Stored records
##########
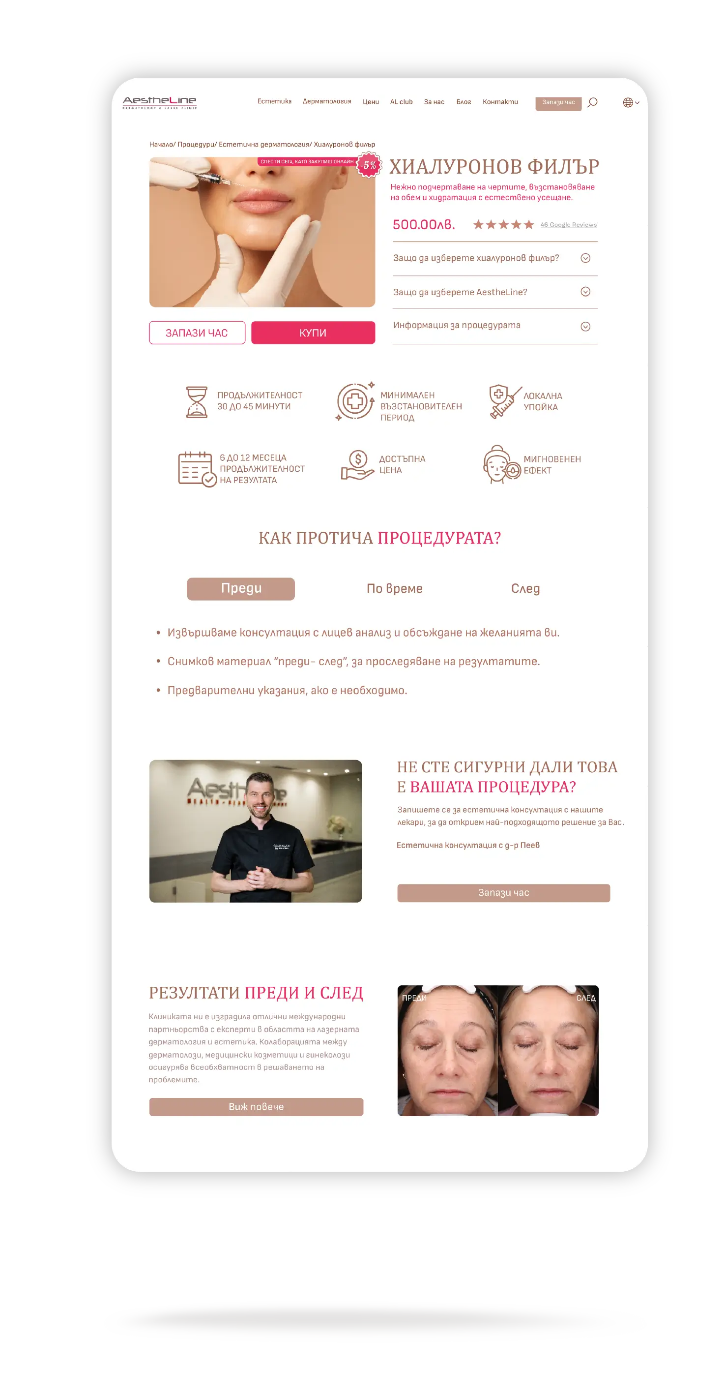 Създаване на визуална концепция, съобразена с бранда, потребителското изживяване и функционалността на уебсайта.
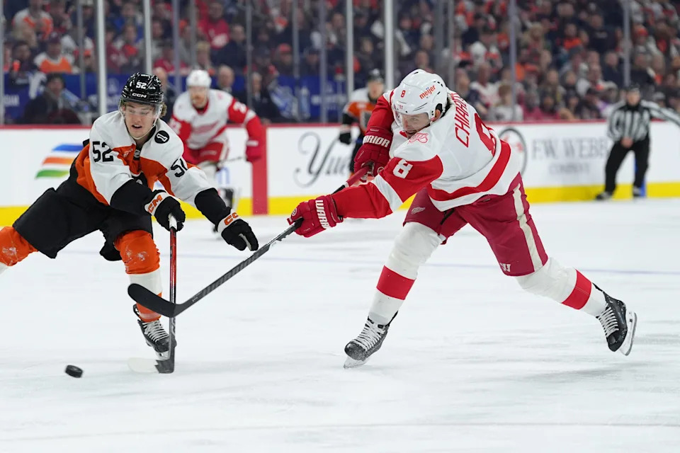 Detroit Red Wings defenseman Ben Chiarot (8) shoots the puck against Philadelphia Flyers center Denver Barkey (52) in the first period at Xfinity Mobile Arena in Philadelphia on Thursday, April 2, 2026.
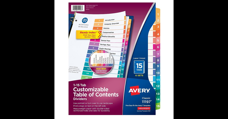 Organize your projects in moments with Avery Ready Index 15-tab dividers. Each tab is preprinted and uniquely color coded for a professional appearance. Print your own custom section titles and images onto the table of contents sheet without worrying about labels or inserts. Whether you're creating planners for classes or hosting a presentation, these dividers are ideal for getting everything sorted. 6 sets of 15 tabbed dividers are included with each sheet measuring 8-1/2"x11". The 3 binder holes are reinforced on both sides of the heavyweight sheet to prevent creasing and tearing. Each divider tab includes additional reinforcement along the edge of each page to distribute stress and resist folding. The printable table of contents is dual compatible with both laser and inkjet printers. This sheet can also be printed in either portrait or landscape so that your projects can be displayed in any orientation. Just flip the sheet to view the other layout on the opposite side. Try out free templates for these dividers and check out the Avery Design & Print software at avery. com/templates. Keep track of your tab dividers quickly and easily with the printable table of contents sheet. Add graphics, logos and titles to the table of contents page with free templates at avery. com/templates. 6 sets of 15 dividers are included with sturdy tab and hole reinforcements on both sides. Reinforcedtabs are preprinted and don't require inserts or labels. Versatile design works in either portrait or landscape orientation and is great for project binders and training manuals. Securely insert the 3 hole-punched paper dividers into your favorite 3 ring binder. The page dividers' table of contents is both inkjet and laser printer compatible. Stay organized and enjoy a professional binder appearance suitable for any work or home office with the uniquely color-coded tabs. Navigate large documents easily with this 6-pack of Avery Ready Index durablepreprinted 15-tab table of contents dividers.
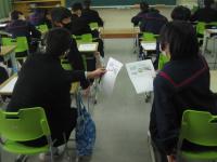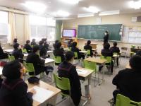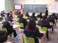 2月2日(火)3・4限目に、2年生を対象に県立穴水高校の先生に本校に来ていただき、高校数学とキャリアコースの科目の2つの授業をしていただきました。この出前授業は、総合的な学習の時間に、「高校を知ろう」の取組の一つとして、実際に高校の授業はどのような内容で、どのような授業をするのかを、体験に基づいて理解してもらおうと、地元の穴水高校にお願いして実施することができました。お忙しい時期にも関わらず、出前授業を準備していただいた、穴水高校様に感謝申し上げます。
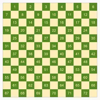 Canadian checkers follows the same rules and conventions as international draughts, the only differences are the larger gameboard (12×12 squares instead of 10×10), and more checkers per player (30 instead of 20). The starting setup is shown in the diagram.
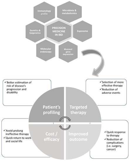 In this scenario, it has been hypothesized that given the failure of traditional statistical methodologies in improving the prediction of outcome, response to the therapy, etc., the application of different approaches such as machine learning (ML) and artificial intelligence (AI), by pulling and analyzing a large amount of clinical and biological data, might become a breakthrough and a game changer in IBD as is happening in oncology. In the next sections, the concept of precision medicine will be clarified, as well as the actual impact and application of the new methodologies and analysis in IBD and the different challenges to overcome. A more extensive review has been recently conducted in a Scientific Workshop of the ECCO [5,6].
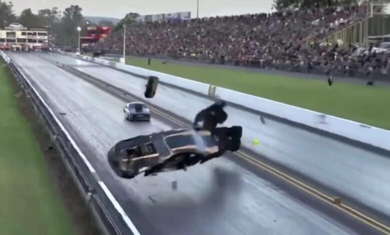 Kereta ‘melayang’ ke udara, pelumba drag maut
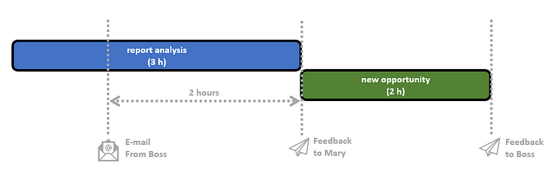 - How long did John’s boss wait for the new opportunity analysis? — the first feedback was sent after an hour, but since John’s analysis was incomplete, it was faulty. The complete and accurate feedback was sent 5 hours after John received the task.
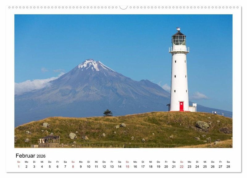 Februar: Cape Egmont Lighthouse mit Mount Taranaki, Pungarehu
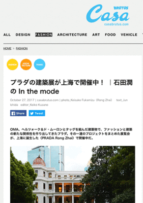 スポンサーリンク プラダの建築展が上海で開催中! |石田潤の In the mode (カーサ ブルータス) まちづくり 2017.11.092025.10.04 プラダの建築展「Prada Rong Zhai」が上海で開催中とのことです。 →『プラダの建築展が上海で開催中! 』 https://casabrutus.com/fashion/58268
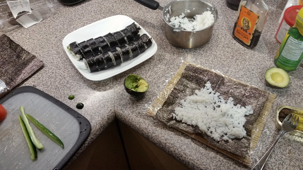 Пока наши девушки были в России, мы с Димой готовили себе сами. Даже вот суши со шпротами изобрели, например.
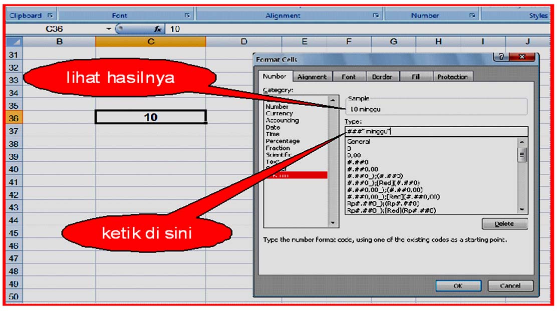 Misal suatu sel akan diisi "banyaknya minggu", maksudnya agar jika sel tersebut ditulis angka keluar "berapa minggu", caranya :
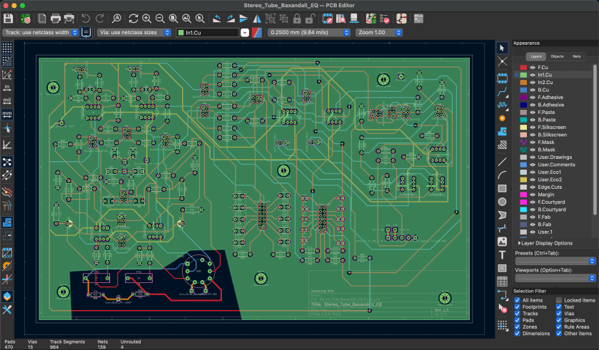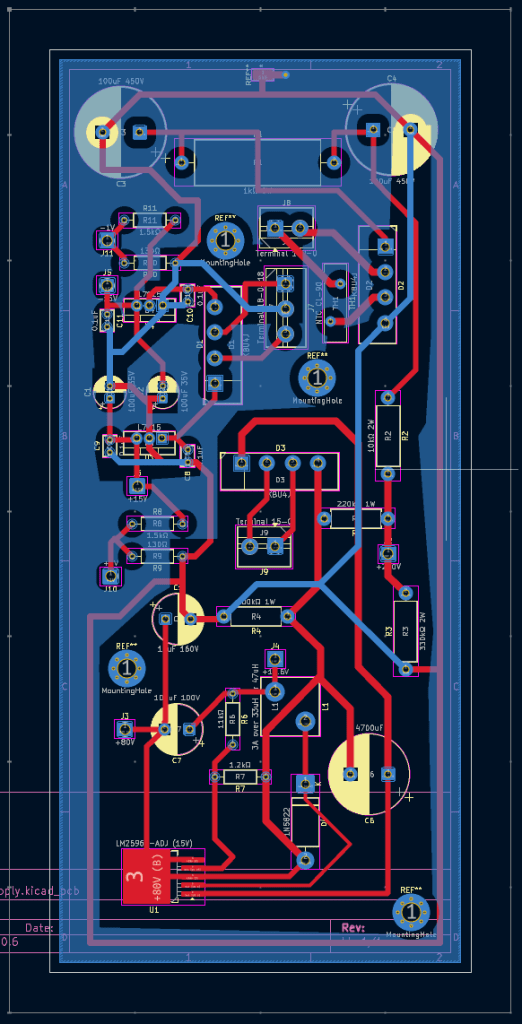 Once the schematic design is complete, the next step is translating it into a PCB layout. At its most basic, a PCB consists of two layers: the first layer carries the signal traces, and the second layer serves as ground. However, in audio equipment with a high component count, two layers may not be sufficient. In my case, I had to distribute multiple DC voltage rails throughout the circuit, and several chips had many pins that required careful routing. As a result, I designed the main board as a four-layer PCB, while the power supply board remained a two-layer design.
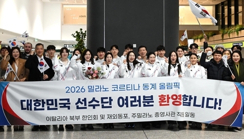 올림픽 한국 선수단, 밀라노 입성…'금 3개·톱10 달성하겠다'
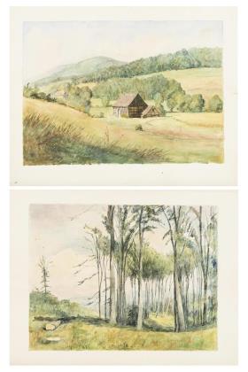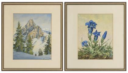 Gebirge und Blumenstudie
##########
WHAT IS EXPECTED | From the line containing "Misal suatu sel" down to the last line of the data above, transcribe exactly those lines and no others; omit the pictures.

FINISHED TASK |
 Misal suatu sel akan diisi "banyaknya minggu", maksudnya agar jika sel tersebut ditulis angka keluar "berapa minggu", caranya :
 Once the schematic design is complete, the next step is translating it into a PCB layout. At its most basic, a PCB consists of two layers: the first layer carries the signal traces, and the second layer serves as ground. However, in audio equipment with a high component count, two layers may not be sufficient. In my case, I had to distribute multiple DC voltage rails throughout the circuit, and several chips had many pins that required careful routing. As a result, I designed the main board as a four-layer PCB, while the power supply board remained a two-layer design.
 올림픽 한국 선수단, 밀라노 입성…'금 3개·톱10 달성하겠다'
 Gebirge und Blumenstudie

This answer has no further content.